Caring responsibilties narrow opportunities

This ‘time poverty’ is not accidental. Much of the spinout ecosystem is built around evening networking, informal investor access and an assumption of uninterrupted availability.  For founders with caring responsibilities, rarely men, this quietly but effectively narrows what feels possible.

The result is fewer spinouts, fewer funded ideas and a narrower innovation pipeline than the UK can afford. The economic cost is significant. Barclays estimates that dismantling the barriers faced by female founders could unlock up to £250 billion for the UK economy. 

As Juliet Gouldman, Director at Barclays Business Banking, notes: ‘peer networks, accelerators and supportive communities matter, but systemic change matters more’. And that change requires coordination across universities, financial services and government.

One of the report’s most important contributions is its focus on specificity. Rather than treating women founders as a single category, it highlights how barriers differ by discipline and institutional support.  In particular, founders in Social Sciences, Humanities, and the Arts (SHAPE) subjects face distinct challenges.

This is because their intellectual property is often non-patentable and poorly understood by traditional tech transfer structures.

To address this, the report sets out a clear slate of policy recommendations. These include improved, gender-disaggregated data collection on spinout equity and leadership; expanding proven programmes and introducing Commercialisation Fellowships that buy academics out of teaching so they can build companies without jeopardising their research careers.

Other proposals tackle cultural issues head-on: recognising commercialisation as a promotion metric alongside publications; moving entrepreneurship training to an opt-out model across degrees and redesigning accelerators to eliminate exclusionary networking norms.

None of this is radical

None of this is radical. All of it is overdue. The central message is simple. The UK does not have a shortage of female academic talent.
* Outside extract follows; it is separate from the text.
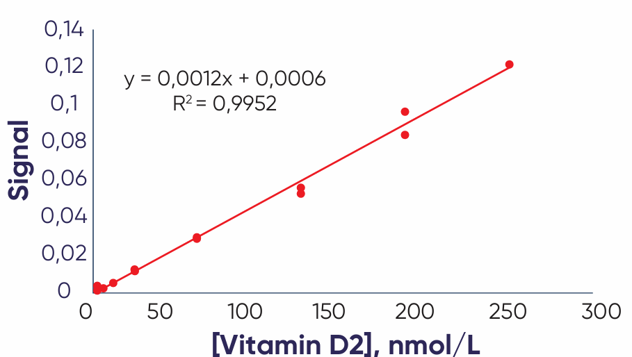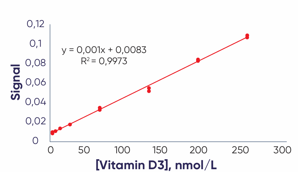 Vitamin D3 and D2 is measured according to a calibration curvereceived against the added Vitamin D3 and D2 standards in real human blood (Figure 1 and Figure 2). A typical calibration curve is conducted using Vitamin D3and D2 concentration range of 6.2 - 250 nmol/l (accounting for dilution), enabling the determination of Vitamin D3 and D2 in DBS samples within this range. Acceptance criteria for error margin is < 60 %. Error margin of the BloodoTM Vitamin D Test for Vitamin D3 is 25 % and for Vitamin D2 – 33 %.

It has a system that still treats commercial ambition as an optional extra, and a risky one, particularly for women.

Until universities, investors and policymakers align incentives with reality, the gender gap will persist. And if current trends continue, we already know how long that will take to fix. The question is whether the UK is content to wait until 2060… or whether it finally decides that innovation, like talent, should not come pre-filtered by gender.

As the female entrepreneurs (and this male writer) departed the House of Lords into a distinctly drab Westminster afternoon, it was tempting to look behind at the grandeur of the UK parliament with its numerous male statues and ponder who really is to blame for such an shameful situation.